The original benchmark YCSB measures databases performance based on generated input. However, for geospatial workloads there is a need to have the same input to measure geospatial operations on the same data. Hence, the benchmark should be adapted to consume data from the file input and include spatial operations in workload measurements.
- YCSB
- Couchbase fork of YCSB
- Blogpost about creating input from JSON file in YCSB
- GeoYCSB paper with spatial benchmark for MongoDB and Couchbase
- MongoDB fork of YCSB with updates for Mongo 6
- This repository: adjustment (modernizing) and rewriting parts of GeoYCSB. ArangoDB & PolyphenyDB support.
- To get here, use https://ycsb.site
- Our project docs
- The original announcement from Yahoo!
- Couchbase fork of YCSB
- Reading JSON in YCSB - Couchbase blogpost
- MongoDB fork of YCSB
- Scientific paper of GeoYCSB
- Spatial Benchmark
-
Download the latest release of YCSB:
curl -O --location https://github.com/brianfrankcooper/YCSB/releases/download/0.17.0/ycsb-0.17.0.tar.gz tar xfvz ycsb-0.17.0.tar.gz cd ycsb-0.17.0
-
Set up a database to benchmark.
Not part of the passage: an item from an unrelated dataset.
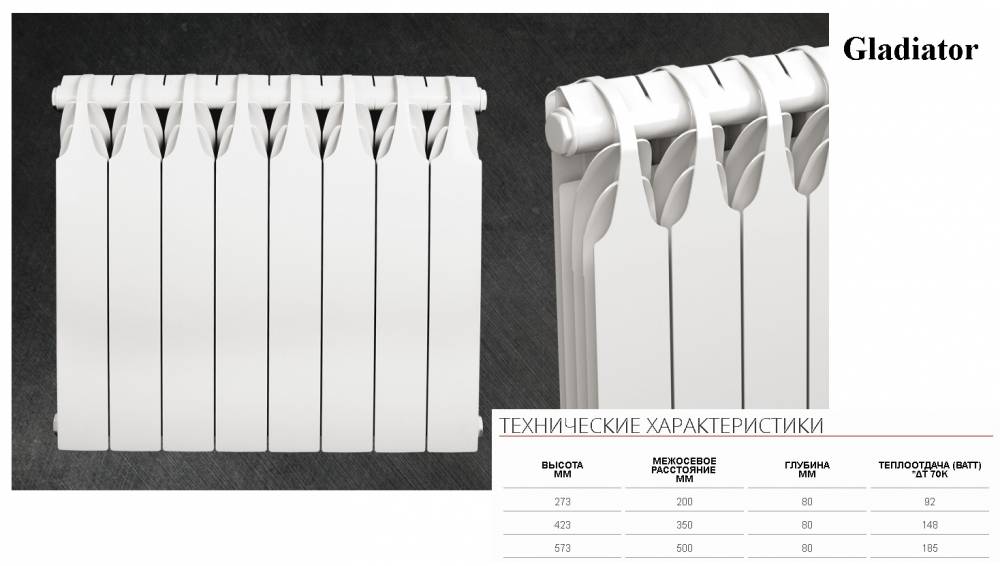 Серия отличается оригинальным дизайном. Модели обладают привлекательным внешним видом, так что Gladiator украсит любую квартиру или офис. Минимальная ширина корпуса всего 20 см, что позволяет размещать радиаторы под низкими подоконниками. Максимальное межосевое расстояние равно 50 см у модели «Гладиатор 500».
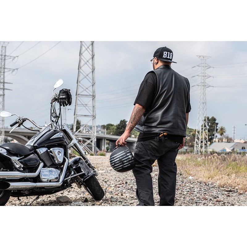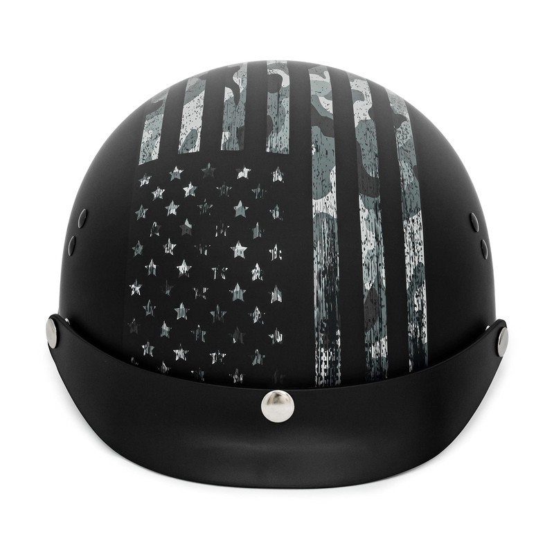 VCAN Cruiser Solid Flat Black Half Face Motorcycle Helmet with Drop-Down Sun Visor, Removable Peak and Quick Release Buckle (Ash Flag, Medium)

There is a README file under each binding directory.
-
Run YCSB command.
On Linux:
bin/ycsb.sh load basic -P workloads/workloada bin/ycsb.sh run basic -P workloads/workloada
On Windows:
bin/ycsb.bat load basic -P workloads\workloada bin/ycsb.bat run basic -P workloads\workloada
Running the ycsb
command without any argument will print the usage.
See https://github.com/brianfrankcooper/YCSB/wiki/Running-a-Workload for a detailed documentation on how to run a workload.
See https://github.com/brianfrankcooper/YCSB/wiki/Core-Properties for the list of available workload properties.
GeoYCSB contains geospatial workloads to benchmark databases performance on the real input.
For this, the GeoWorkload.java
is created to be able to use the real GeoJSON data
and generate queries with geospatial operations.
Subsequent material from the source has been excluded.